- [Input for this task]
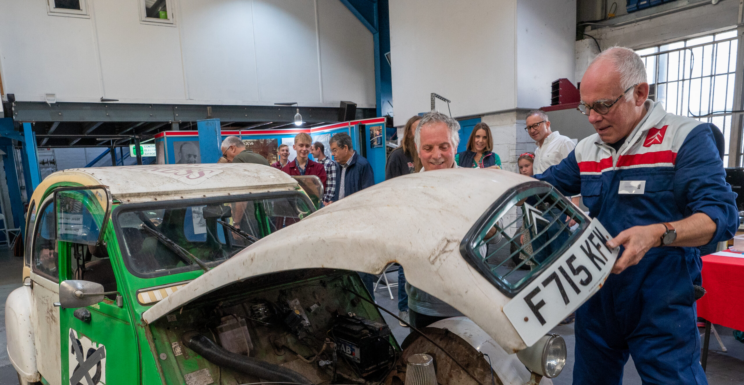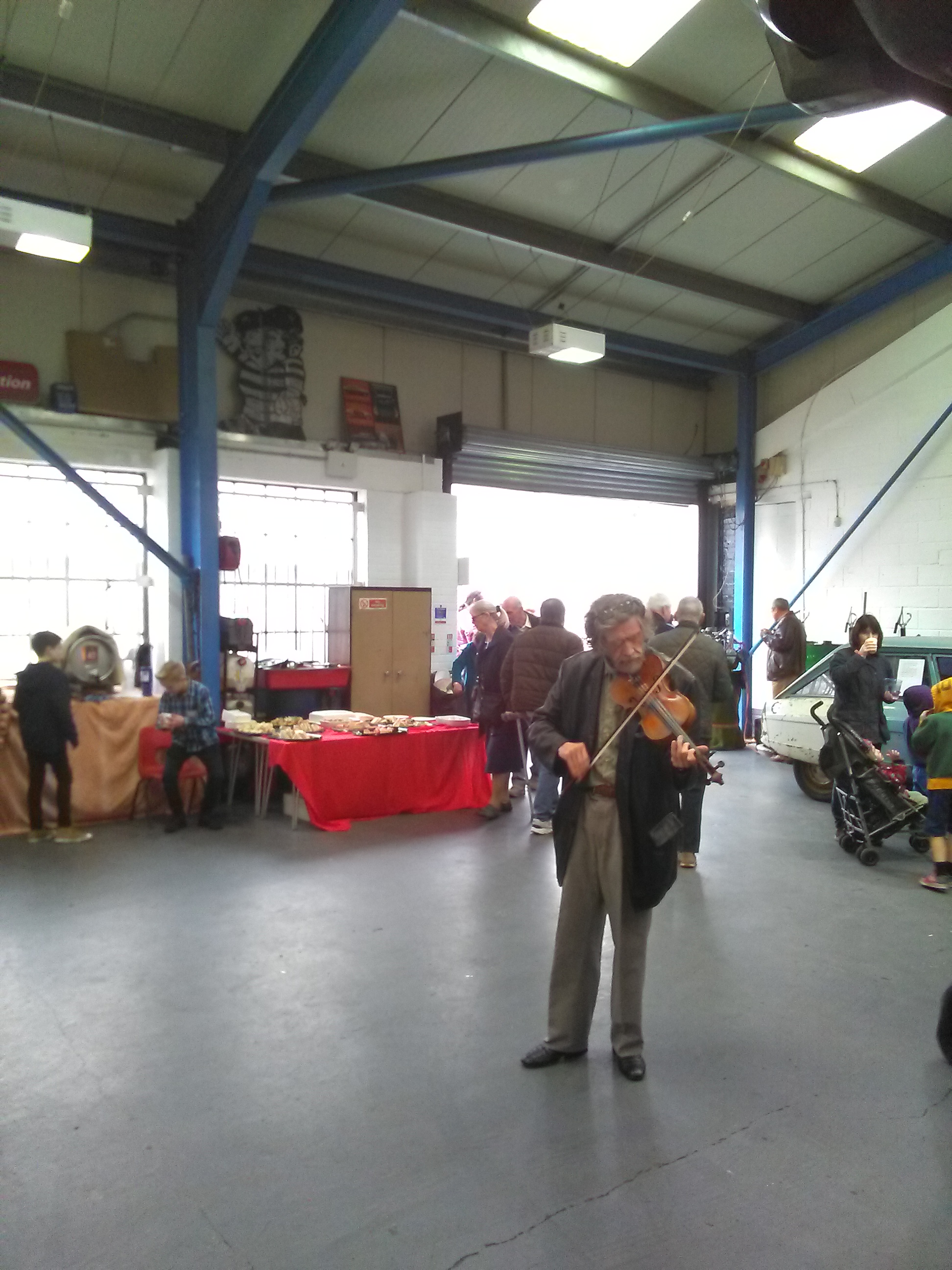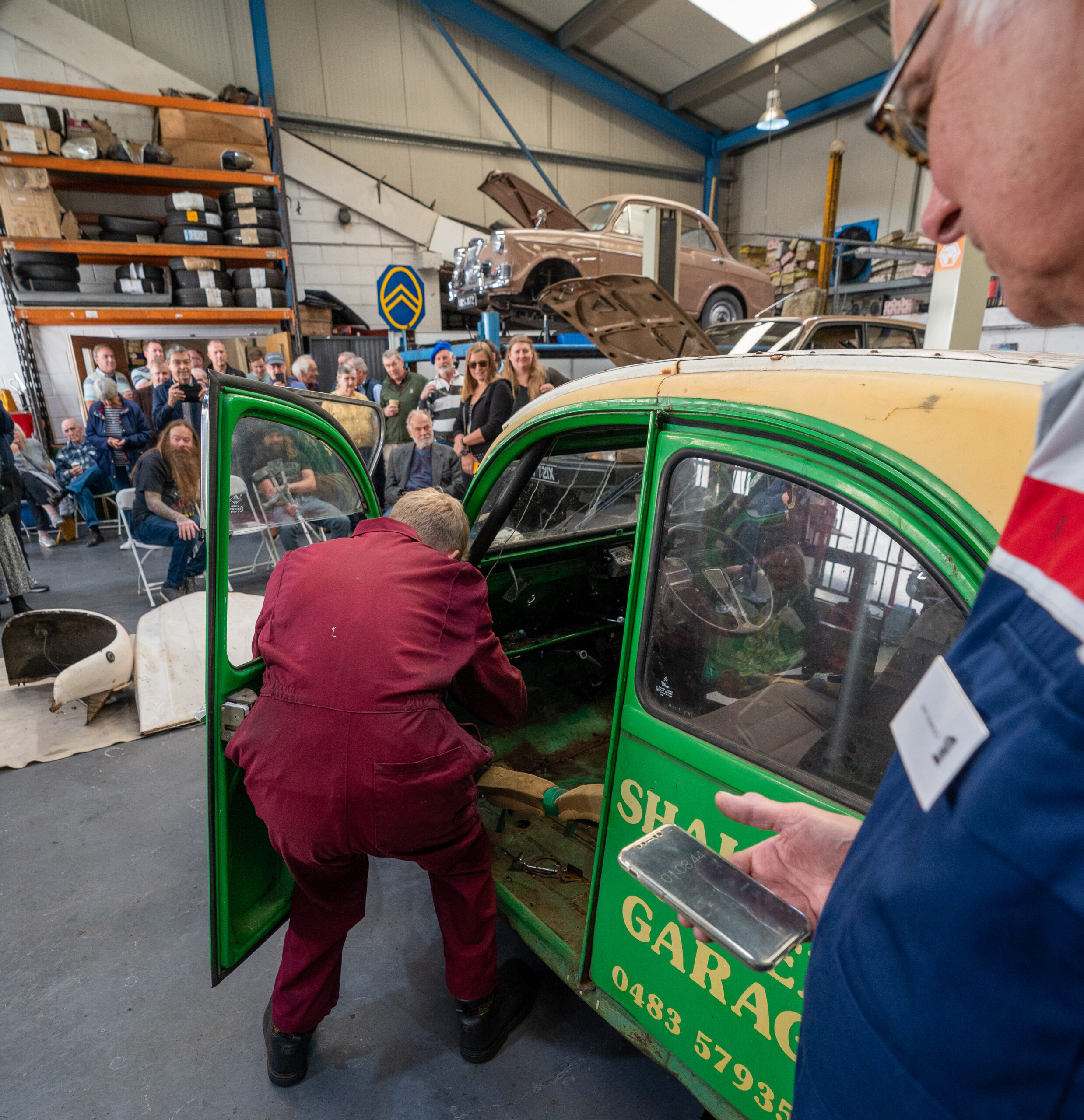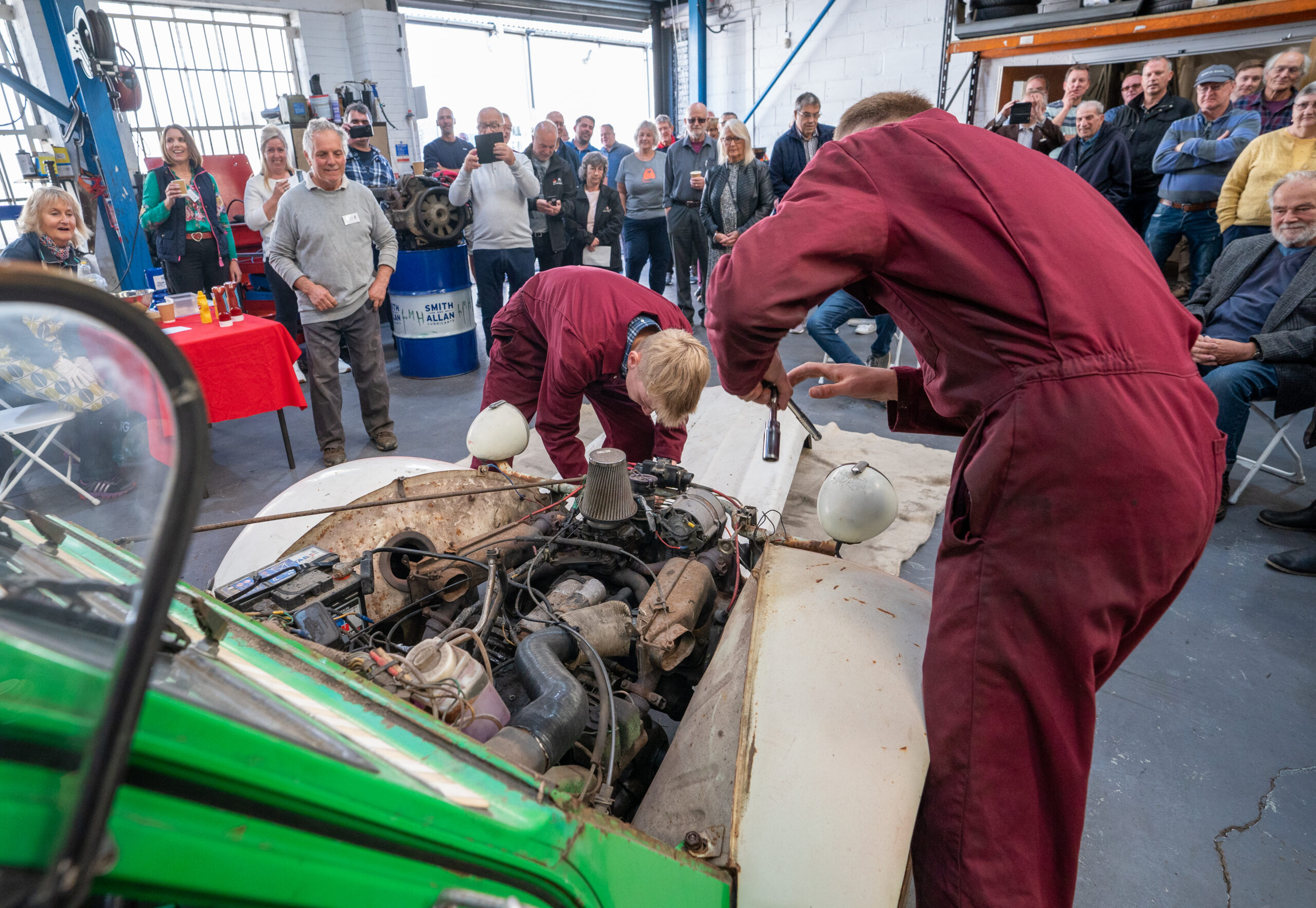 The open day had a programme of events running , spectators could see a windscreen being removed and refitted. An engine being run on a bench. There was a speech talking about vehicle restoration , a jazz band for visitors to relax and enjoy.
...
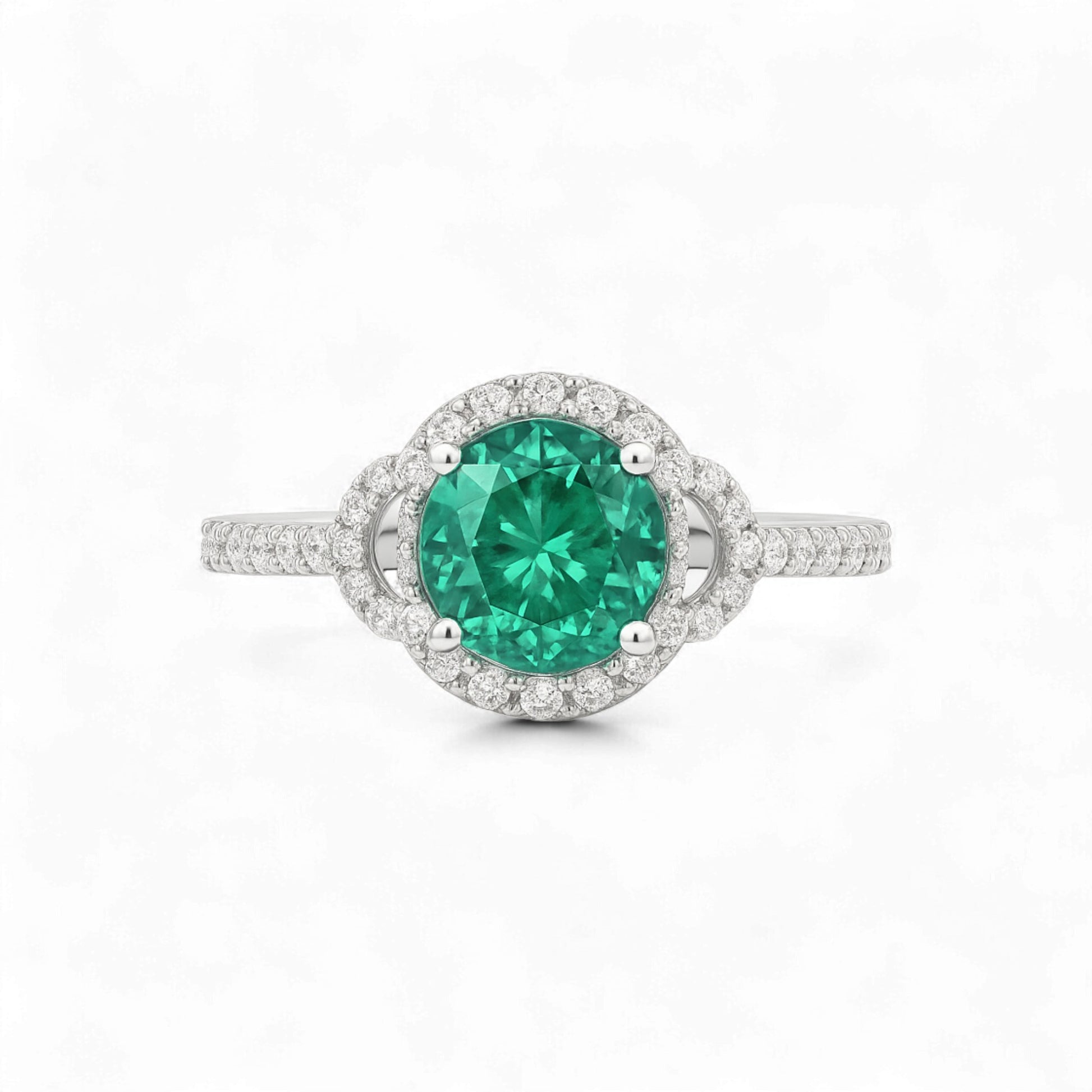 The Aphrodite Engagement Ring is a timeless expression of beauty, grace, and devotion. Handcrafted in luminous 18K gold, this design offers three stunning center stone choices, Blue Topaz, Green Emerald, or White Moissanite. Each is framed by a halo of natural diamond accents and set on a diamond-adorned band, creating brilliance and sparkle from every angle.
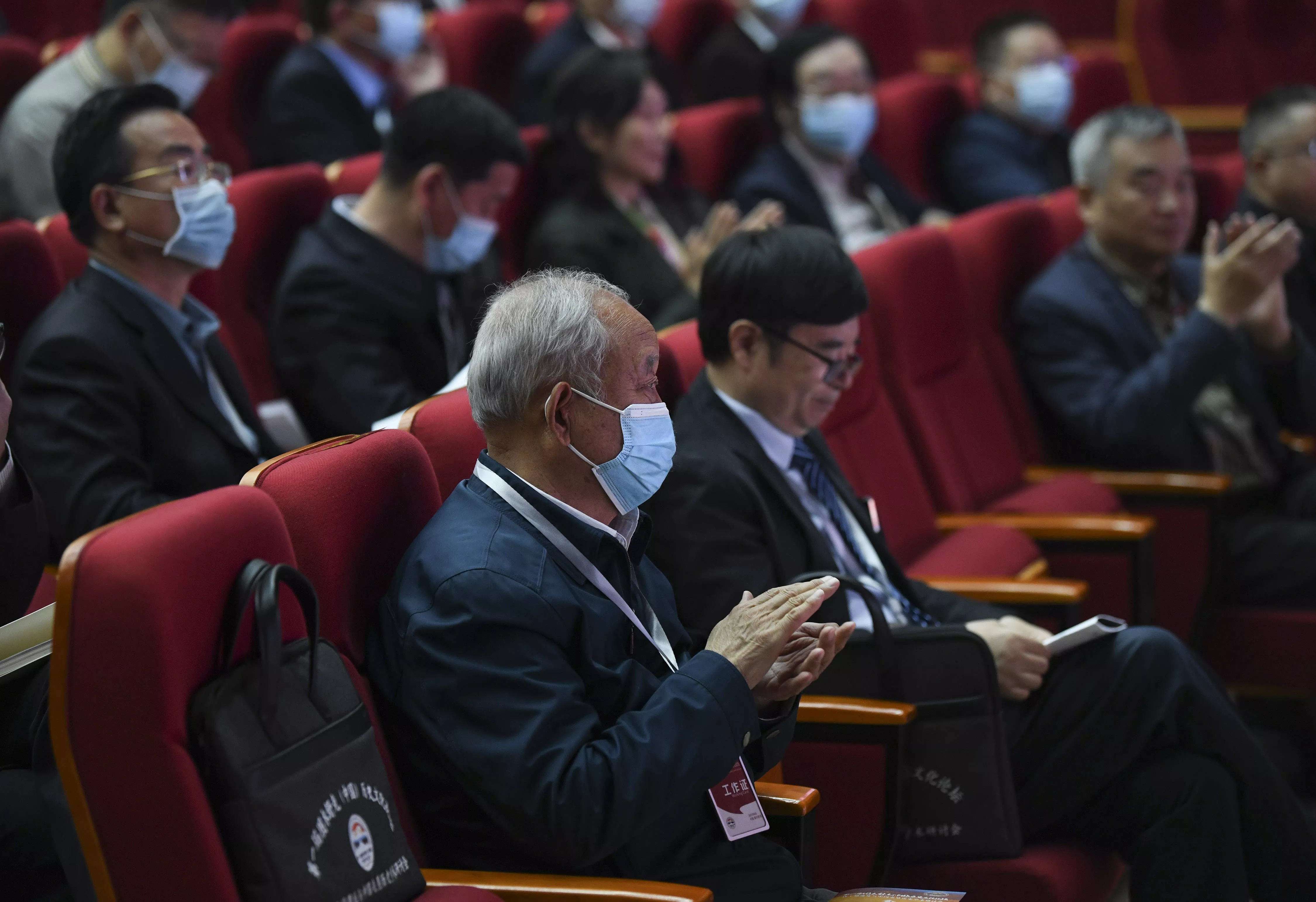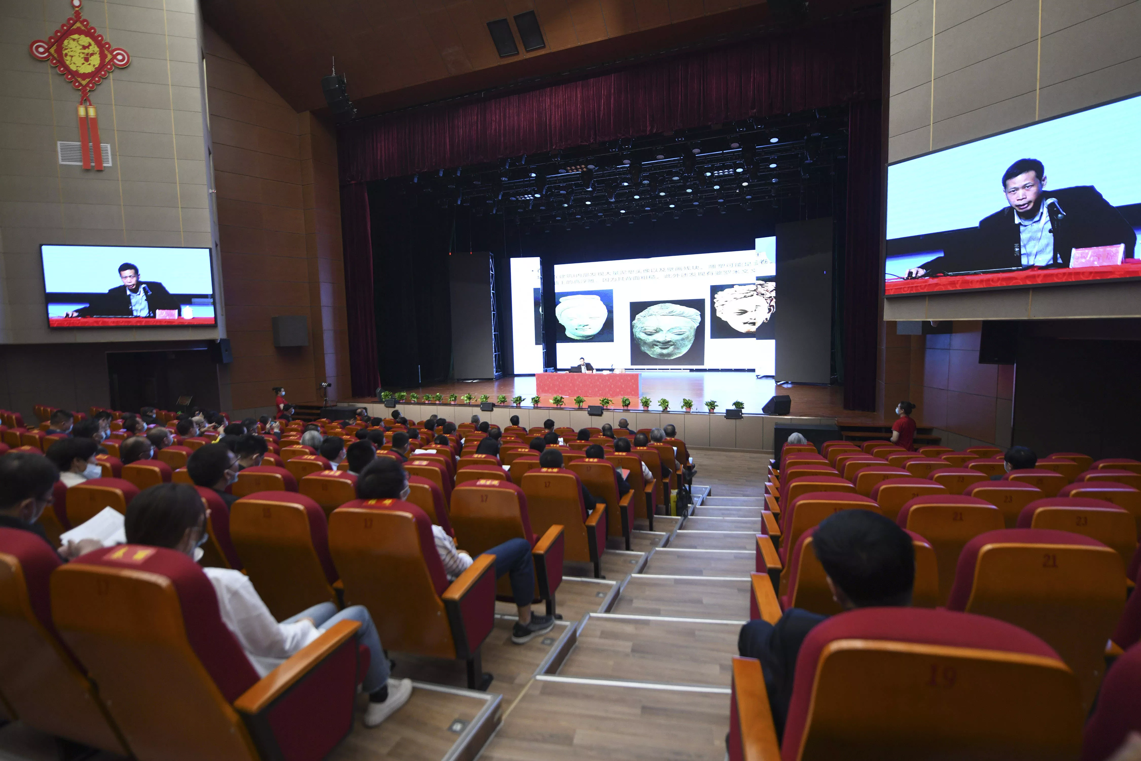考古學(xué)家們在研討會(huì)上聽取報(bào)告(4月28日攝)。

- [Prompt]
Would you copy out, exactly and with no pictures, only the lines above from the one that contains "The Aphrodite Engagement" through the one that contains "考古學(xué)家們在研討會(huì)上聽取報(bào)告(4月28日攝)。"?

- [Answer for this exercise]
 The Aphrodite Engagement Ring is a timeless expression of beauty, grace, and devotion. Handcrafted in luminous 18K gold, this design offers three stunning center stone choices, Blue Topaz, Green Emerald, or White Moissanite. Each is framed by a halo of natural diamond accents and set on a diamond-adorned band, creating brilliance and sparkle from every angle.
考古學(xué)家們在研討會(huì)上聽取報(bào)告(4月28日攝)。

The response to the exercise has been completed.